Problem statement: Copy exactly the lines that run from the top of the listing to the line containing "本日、ラグビーワールドカップ", both ends included, and omit the pictures.

Collected data:

•••••

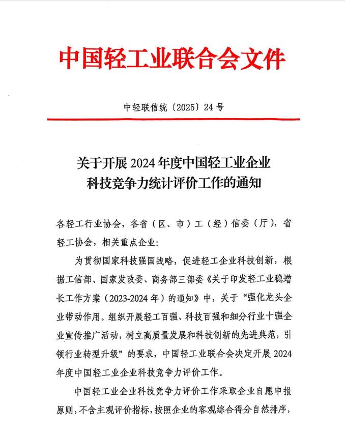 2024年度中国轻工业企业科技竞争力统计评价工作的通知
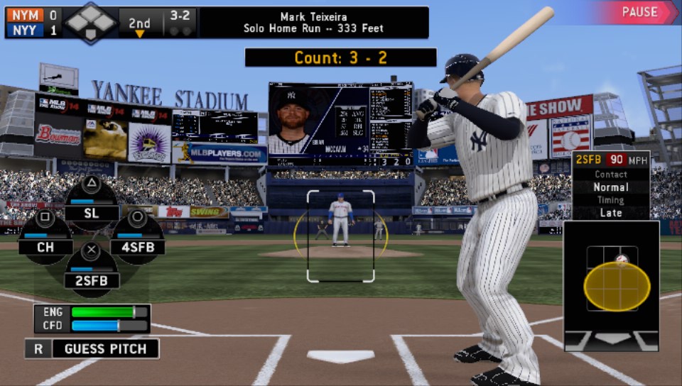El béisbol es un deporte de reacciones muy rápidas -aunque digan que es de gordos- por la velocidad que alcanza la bola desde que es lanzada hasta que es atrapada o bateada. En MLB 14: The Show trataron exitosamente de plasmarlo con el control en tus manos. Este año el juego viene con una ligera mejora de la nitidez de la redonda, pues es más notorio desde que abandona la mano del pitcher y hasta que llega al plato, haciendo más fácil anticipar el tipo y ubicación.
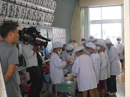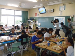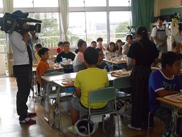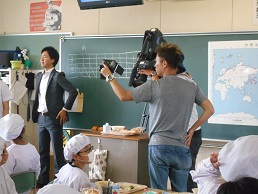 本日、ラグビーワールドカップ献立で『ボルシチ』を出しました。詳しくは、トップページ右側の「今日の給食」をご覧ください。その取材にテレビ埼玉が来てくださいました。今日は、5年1組の教室に入っての取材となりました。給食の残りが全然なく、今日もおいしい給食をたくさんいただいていました。ボルシチもおかわりする子がいて、大食缶に何一つない状態にきれいになっていました。
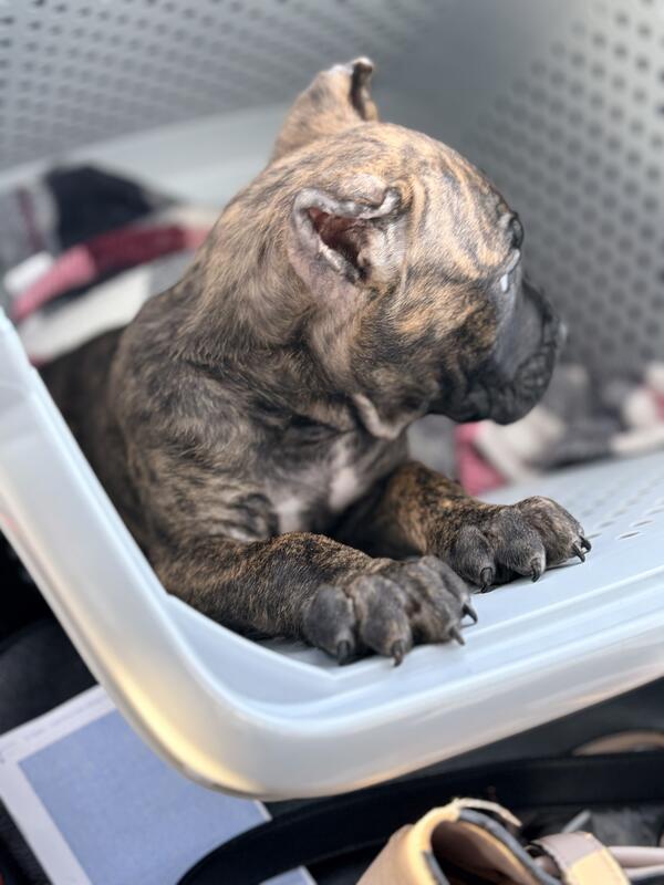 message badattitude71 about this ad Meet Paxton Born October 26, 2025 Available Now Paxton is a stunning exotic reverse black brindle Cane Corso male with deep black, mocha, and smoky undertones. He is ICCF registered and comes from champion bloodlinesh. His mom is a black Cane Corso with a white chest (on site and his dad is a solid blue Cane Corso imported from Hungary (on site both ICCF registered with excellent temperaments. Paxton is up-to-date on all of his vaccines and dewormer. Hes available to go to his forever loving home now. He is a little charmer. Hes so lovable and loves to cuddle. He loves to play. Hes potty train which makes it nice for the new owners. If interested in Paxton feel free to contact me. 239/771/3380. Call or text anytime and if interested in doing a FaceTime visit so you can see him live running around I always encourage doing a FaceTime visit just so you can see your puppy live instead of my horrible photography lol I am a reputable breeder in Anderson, Indiana with references from customers from all over the US that have welcomed one or more of my wonderful amazing Cani Corsi into their homes. If anyone is interested in speaking with one thats always available. Thank you for stopping by. Feel free to call or text anytime. Serious inquiries only I accept cash payments no cashiers checks per website rules. No scams, please. I did update pictures so these are the most recent at seven weeks old. I will add more. His price is his price with no extras no holding fees. Everything is included in his price. His ears have been cropped. They are still healing very nicely. He does still have stitches, but they do not hurt him. Hes so lovable message badattitude71 about this ad |

•••••

Problem solution:
 2024年度中国轻工业企业科技竞争力统计评价工作的通知
El béisbol es un deporte de reacciones muy rápidas -aunque digan que es de gordos- por la velocidad que alcanza la bola desde que es lanzada hasta que es atrapada o bateada. En MLB 14: The Show trataron exitosamente de plasmarlo con el control en tus manos. Este año el juego viene con una ligera mejora de la nitidez de la redonda, pues es más notorio desde que abandona la mano del pitcher y hasta que llega al plato, haciendo más fácil anticipar el tipo y ubicación.
 本日、ラグビーワールドカップ献立で『ボルシチ』を出しました。詳しくは、トップページ右側の「今日の給食」をご覧ください。その取材にテレビ埼玉が来てくださいました。今日は、5年1組の教室に入っての取材となりました。給食の残りが全然なく、今日もおいしい給食をたくさんいただいていました。ボルシチもおかわりする子がいて、大食缶に何一つない状態にきれいになっていました。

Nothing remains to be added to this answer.